## Task to complete
Starting at the line below that contains "訂單人員、庫管人員、財務(w" and ending at the line that contains "Separátní řešení odleskové", retype each line exactly as it stands, but omit the pictures.

## Data provided
================================
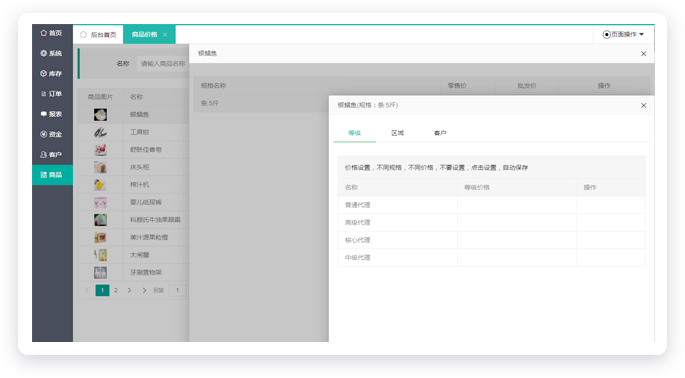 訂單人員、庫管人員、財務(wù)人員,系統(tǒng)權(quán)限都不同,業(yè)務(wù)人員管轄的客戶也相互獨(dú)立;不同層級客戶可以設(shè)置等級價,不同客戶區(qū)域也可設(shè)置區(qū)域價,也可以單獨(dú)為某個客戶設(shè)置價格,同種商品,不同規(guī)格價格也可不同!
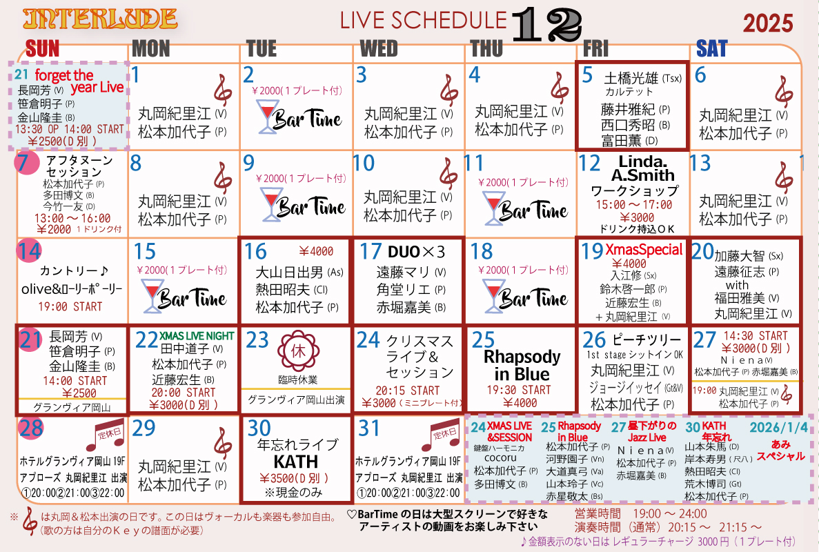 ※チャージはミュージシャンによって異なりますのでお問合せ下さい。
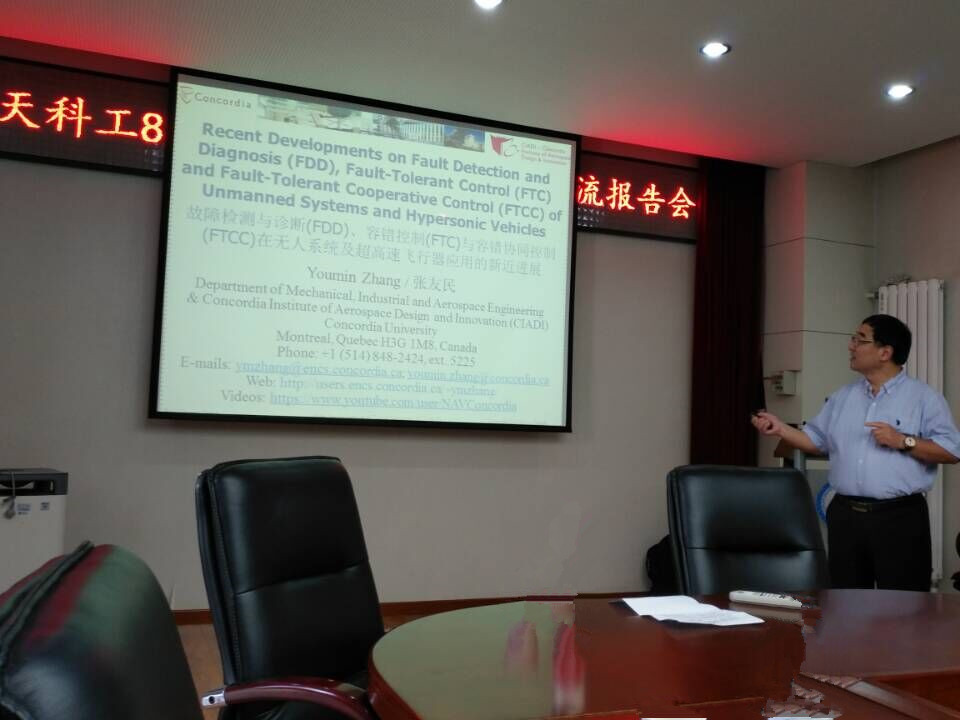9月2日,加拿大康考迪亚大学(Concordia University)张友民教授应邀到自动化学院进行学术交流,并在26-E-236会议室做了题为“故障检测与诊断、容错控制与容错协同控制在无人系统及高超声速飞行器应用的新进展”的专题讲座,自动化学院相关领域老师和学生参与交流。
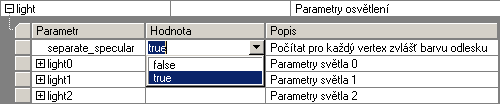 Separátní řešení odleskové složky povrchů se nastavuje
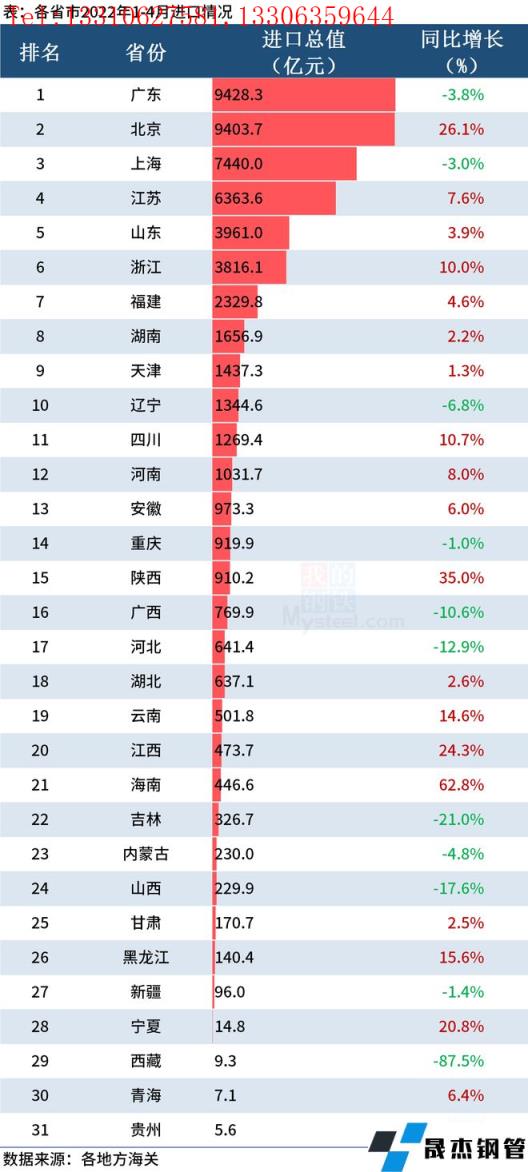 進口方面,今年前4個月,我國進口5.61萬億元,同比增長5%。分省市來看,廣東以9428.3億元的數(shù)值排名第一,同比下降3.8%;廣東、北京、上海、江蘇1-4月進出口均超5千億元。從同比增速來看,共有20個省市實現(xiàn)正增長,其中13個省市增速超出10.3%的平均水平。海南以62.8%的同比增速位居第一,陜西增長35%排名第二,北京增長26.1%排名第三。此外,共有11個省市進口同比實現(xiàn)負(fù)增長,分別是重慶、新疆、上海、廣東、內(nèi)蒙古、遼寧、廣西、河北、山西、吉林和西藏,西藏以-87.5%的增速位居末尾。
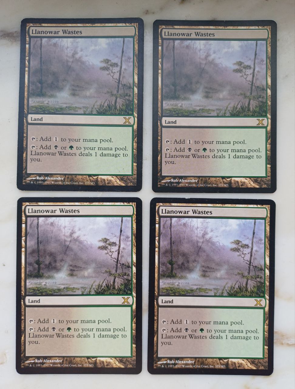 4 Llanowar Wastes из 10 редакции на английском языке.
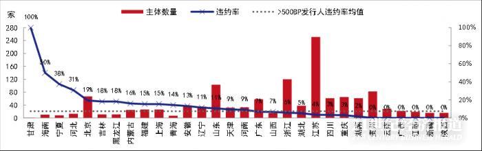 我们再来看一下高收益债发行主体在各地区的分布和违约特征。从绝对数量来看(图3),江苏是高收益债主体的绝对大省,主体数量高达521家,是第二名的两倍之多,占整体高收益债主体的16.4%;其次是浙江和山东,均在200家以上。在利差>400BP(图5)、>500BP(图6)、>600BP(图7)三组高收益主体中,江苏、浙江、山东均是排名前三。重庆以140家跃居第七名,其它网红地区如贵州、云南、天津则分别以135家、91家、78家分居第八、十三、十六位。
================================
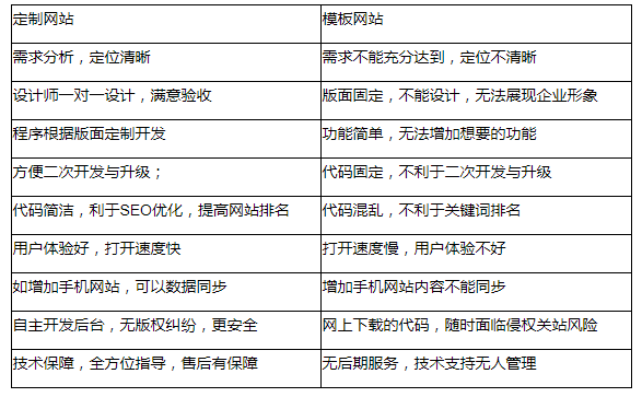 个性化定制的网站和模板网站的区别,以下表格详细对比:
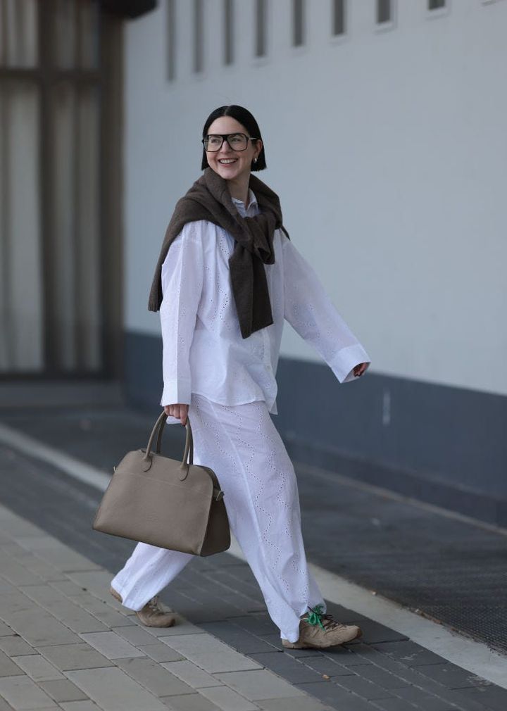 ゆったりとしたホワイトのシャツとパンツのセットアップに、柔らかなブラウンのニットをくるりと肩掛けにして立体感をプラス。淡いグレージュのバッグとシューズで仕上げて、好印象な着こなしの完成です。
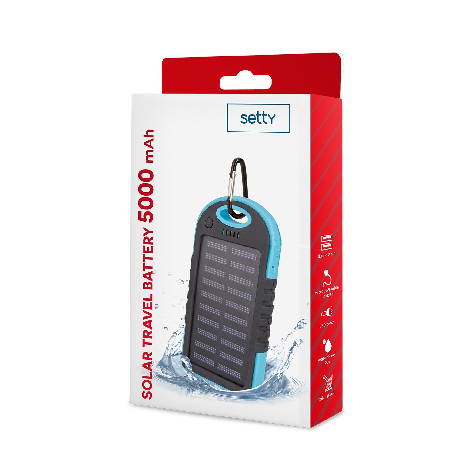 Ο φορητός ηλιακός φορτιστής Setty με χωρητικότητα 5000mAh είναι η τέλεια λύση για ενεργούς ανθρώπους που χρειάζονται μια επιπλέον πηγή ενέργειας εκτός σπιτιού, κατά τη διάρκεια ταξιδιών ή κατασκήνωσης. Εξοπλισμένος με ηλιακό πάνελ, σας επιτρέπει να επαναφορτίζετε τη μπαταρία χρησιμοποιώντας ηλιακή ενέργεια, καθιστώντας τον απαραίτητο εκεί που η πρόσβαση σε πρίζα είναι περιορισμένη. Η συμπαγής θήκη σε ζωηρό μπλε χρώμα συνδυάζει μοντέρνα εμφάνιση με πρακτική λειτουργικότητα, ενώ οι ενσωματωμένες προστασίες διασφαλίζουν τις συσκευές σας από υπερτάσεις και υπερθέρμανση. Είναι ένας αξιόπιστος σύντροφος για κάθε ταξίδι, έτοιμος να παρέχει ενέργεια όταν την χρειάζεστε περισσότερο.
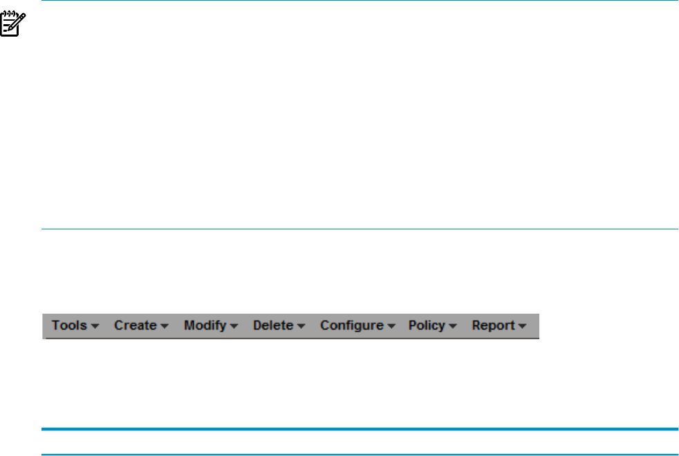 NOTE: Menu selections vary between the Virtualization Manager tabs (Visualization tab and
================================
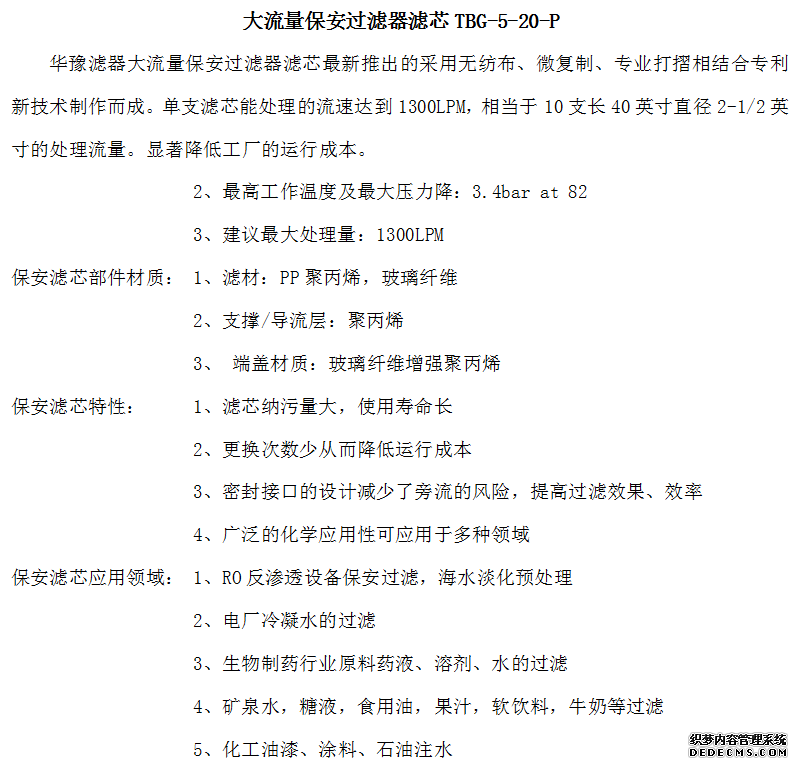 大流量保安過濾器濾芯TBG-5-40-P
================================
## Answer section
 訂單人員、庫管人員、財務(wù)人員,系統(tǒng)權(quán)限都不同,業(yè)務(wù)人員管轄的客戶也相互獨(dú)立;不同層級客戶可以設(shè)置等級價,不同客戶區(qū)域也可設(shè)置區(qū)域價,也可以單獨(dú)為某個客戶設(shè)置價格,同種商品,不同規(guī)格價格也可不同!
 ※チャージはミュージシャンによって異なりますのでお問合せ下さい。
9月2日,加拿大康考迪亚大学(Concordia University)张友民教授应邀到自动化学院进行学术交流,并在26-E-236会议室做了题为“故障检测与诊断、容错控制与容错协同控制在无人系统及高超声速飞行器应用的新进展”的专题讲座,自动化学院相关领域老师和学生参与交流。
 Separátní řešení odleskové složky povrchů se nastavuje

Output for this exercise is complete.